You find the one with the red head, black wings and white wing patches and there it is, a Red-headed woodpecker. You have identified it. Thus if you bird any place in the world, with effort and the right field guide you can identify most of the worlds 8000 different species. A while ago one of my friends told me, "I don't understand how anyone would travel all over the county just to look at birds?" I tried to explain to him that there is another world out there. A world we are all linked to, the world of nature and birds are a quintessential representation of nature. Bird species have evolved to fill every niche of every continent and ocean in the world. Each species has its individual structure and personality that fits into the environmental where it lives. I've had the pleasure of watching birds for over 50 years and am still amazed at many of their actions. I've marveled at tiny chickadees and nuthatches eating sunflower seeds from my hand; at the beautiful coloration of cardinals and scarlet tanagers and Gold finches. At the sight of a Bald eagle calling to its mate in Alaska. And who could not marvel over the Carolina wren like the one that came up to my window to listen when I was listening to a recording of Beethoven's 5th piano concerto. For five minutes that wren answered Beethoven back with a song of his own? Or being 50 miles out at sea fishing and having an albatross with its 7-foot wingspan glide by on the air currents with not flapping a wing. And you know that it will navigate the oceans for 10 months of the year without seeing land. And how about those might mites of flight- the hummingbirds. They weigh less than 10 grams, can out maneuver any other bird species and fear nothing. I've seen them chase huge hawks away from their nest area. Yet, they have gorgeous plumage of brilliant green with red, blue or purple throats. Thus, birds bring us into the world of nature to which we are ultimately linked.

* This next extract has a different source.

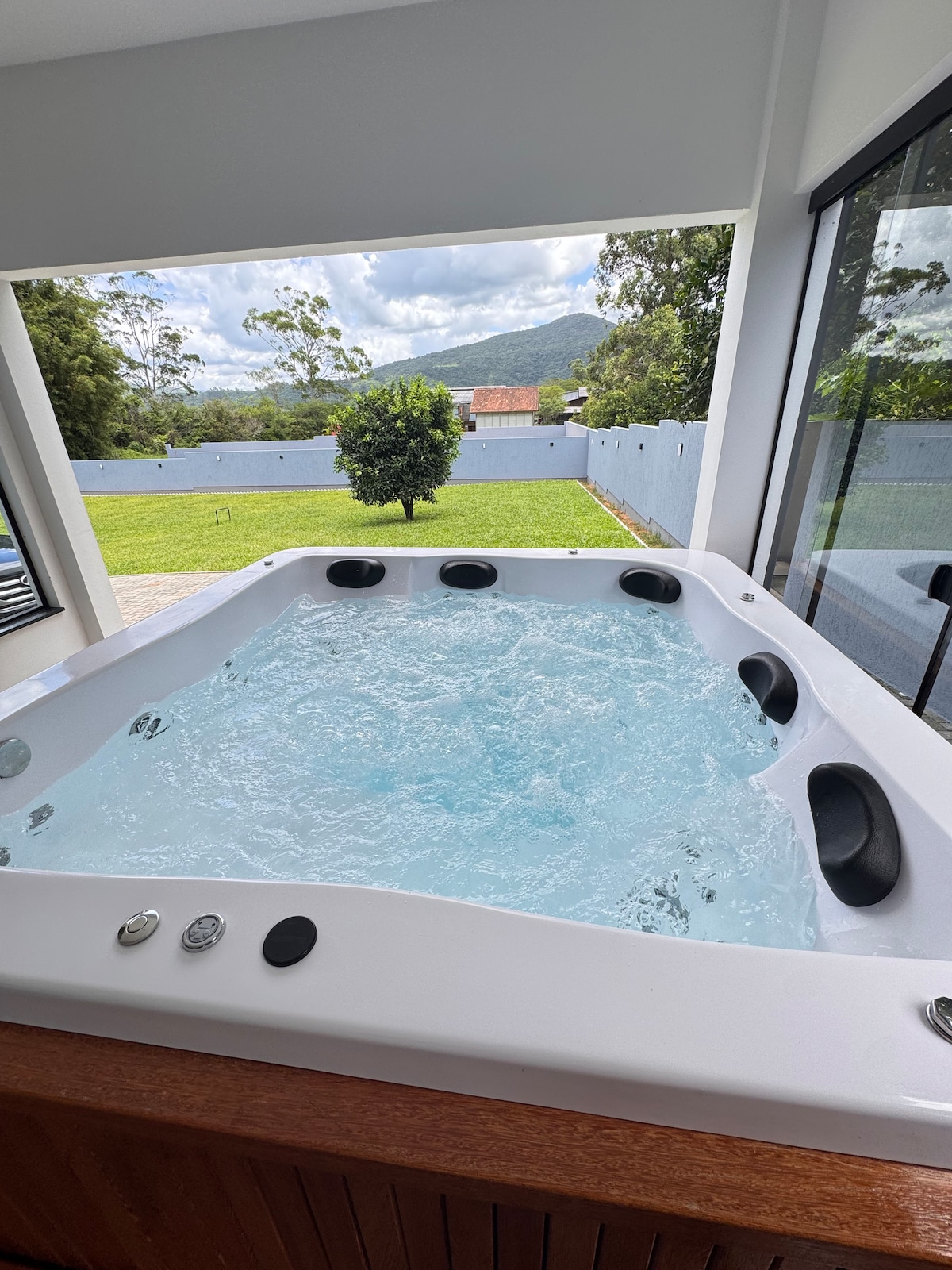 Casa FAMILIAR cómoda y ACOGEDORA (para niños) - Ubicado en Praia da Barra de Ibiraquera - IMBITUBA/SC, cerca del mar y la laguna (a pie). - Cocina y sala de estar, wifi, 3 dormitorios - Aire acondicionado., camas tamaño queen y televisor inteligente, ropa de cama y baño incluida y espacio de oficina en casa Patio trasero Jacuzzi climatizado en un entorno abierto Área de juegos exclusiva y apta para mascotas Mesa de billar y ping pong, parrilla para barbacoa. - Lavandería completa, bicicletas, sillas de playa y sombrilla🏖️ @bluehouseibira

Sooner or later all birdwatchers realize this wonderful natural heritage is slowly being destroyed. Year-by-year more bird species become extinct. If we don't protect the environment our natural heritage will disappear forever, never to be seen by our children or grandchildren. Thus, most birdwatchers become environmentalists.
In closing, let me mention three excellent nature and bird watching organization that are open to anyone interested in joining them. The largest and oldest is the Audubon Society. Created about 100 years ago, its National headquarters are in New York City. It has hundreds of local branches throughout the states. Locally the Houston Audubon Society is situated downtown and offers monthly programs and field trips. An Audubon offshoot called the Piney Woods Wildlife Society, of which I am an ex-Vice president, holds meetings at the Mercer Arboretum on the third Tuesday of the month. It sponsors monthly nature programs and bird hikes to areas in and around Harris and Galveston Counties. The other group I want to mention is the American Birding Association that has its headquarters in Denver, Colorado. The ABA has thousands of members throughout the world. It is geared to advanced bird watchers, sponsors birding trips and sells birding supplies and literature.